Beim Zappen heute Samstagabend blieb ich eine Weile bei RTL hängen und fing mir kurz hintereinander zwei heftige Trigger ein. Es war kein Halloween-Splatter, der das auslöste, sondern das Quiz „Wer wird Millionär? – Das große Zocker-Spezial“ mit Günther Jauch.
Jauch bemüht sich ja stets, irgendwie ironisch oder witzig zu sein, bleibt dabei aber auch meist dröge und holprig. In den fünf Minuten, die ich ihm zusah, sonderte er zwei unterirdische Bonmots ab, die mir aber ein klares Zeichen dafür waren, wie tief verankert die Strukturen alltäglicher Männerverachtung und sexuellen Missbrauchs gegenüber Jungen in unserer Gesellschaft sind. Zu diesen Strukturen gehört, dass wir unbedacht über den Missbrauch von Jungen durch Frauen witzeln und widerliche Männerverachtung ausdrücken dürfen, ohne befürchten zu müssen, dass wir hierfür gemaßregelt oder im Fall Günther Jauch ausgebuht werden würden.
Um es zu illustrieren, was ich meine, verdrehe ich Jauchs unauffällige Fauxpas. Stellen Sie sich vor, Jauch hätte gesagt: „Sie war 16 und ich war 35“, oder im zweiten Fall: „Frauen sollte man nach dem Sex wie Drohnen entsorgen“. Ganz bestimmt wäre schon, Sekunden nachdem dieser Blödsinn über seine Lippen gekommen war, ein Shitstorm losgeweht, der ihn in die Frührente gefegt hätte.
Doch Jauch sagte nichts dergleichen, deswegen gab es keine Empörungswelle und auch – außer meiner – keine weitere Nachbetrachtung. Jauchs Fauxpas war keiner, denn niemand nahm ihn als solches wahr. Es war nur einmal mehr etwas von der alltäglichen Niedertracht gegenüber Männer und Jungen und die sexuelle Gewalt, unter der sie still und „mannhaft“ leiden. Und eben das sind für mich erkennbare Strukturen des Missbrauchs für den unsere Gesellschaft als ganzes verantwortlich ist.
Im ersten Fall zweideutelte Jauch ein wenig über die heißen Nächte in Rio de Janeiro und spielte der Kandidatin gegenüber an, dass sie die Zweisamkeit mit ihrem Freund in Rio wohl wie eine nächtliche Sonne erhitzt haben würde, und zitierte schließlich falsch als Pointe: „Ich war 16 und sie war 35“. Eine Anspielung auf das Lied „Und es war Sommer“ von Peter Maffay.

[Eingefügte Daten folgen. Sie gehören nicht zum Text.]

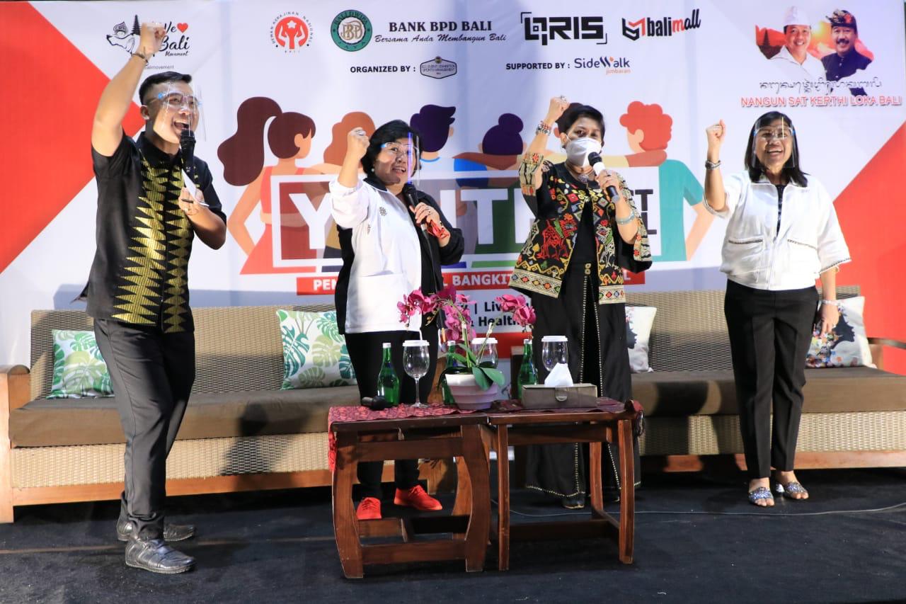 Adapun sejumlah narasumber yang turut tampil bersama Ny Putri Koster yakni Ida Ayu Tri Rasmiwinari (Perwakilan Bank BPD Bali) dan Ni Wayan Sri Ariyani (CEO Baliyoni Group).Beberapa point yang disampaikan saat Talk show “Solusi UMKM Milenial di Era Digital”. Ketua Dekranasda bali, Ny Putri Koster menegaskan bahwa Kaum milenial adalah generasi yang kaya dengan ide dan kreatif di samping mereka juga menguasai informasi dan teknologi digital secara baik. Sehingga hasil kerajinan yang nantinya siap dipromosikan, akan langsung diunggah dengan seni yang dapat menarik mata konsumennya.

Dort lautet eine Zeile „Ich war 16 und sie war 31“. – Ich habe unter anderem über dieses Lied bereits hier in meinem Beitrag: „Jungs sind nicht missbrauchbar! Schon gar nicht durch Frauen“, gebloggt.
Im zweiten Fall machte uns Günther Jauch die in der Mitte der Gesellschaft angekommene faschistoide Feministin Valerie Solanas (1936-1988). Auf die Frage: „Wo herrscht einen Großteil des Jahres im wahren Sinne des Wortes eine reine Weiberwirtschaft?“, gab die Kandidatin, nachdem sie zwei Joker eingesetzt hatte, unwissentlich die richtige Antwort: die Bienen. Jauch erläuterte ihr daraufhin den Drohnenmord der Bienen, indem er vergleichend feststellte, dass das alljährliche Ritual auch ein Vorbild für den Menschen sein könnte. Denn die männlichen Bienen würden nach dem Sexualakt nicht mehr gebraucht und seien dann völlig nutzlos.
Also schließe ich: Erst wenn derlei Sprüche mich nicht mehr triggern können, weil sie, von jedermann als unterirdisch erkannt, gar nicht mehr über die Lippen gehen, sind wir einen Schritt weiter und gesellschaftliche Strukturen des sexuellen Missbrauchs erkennbar geschliffen.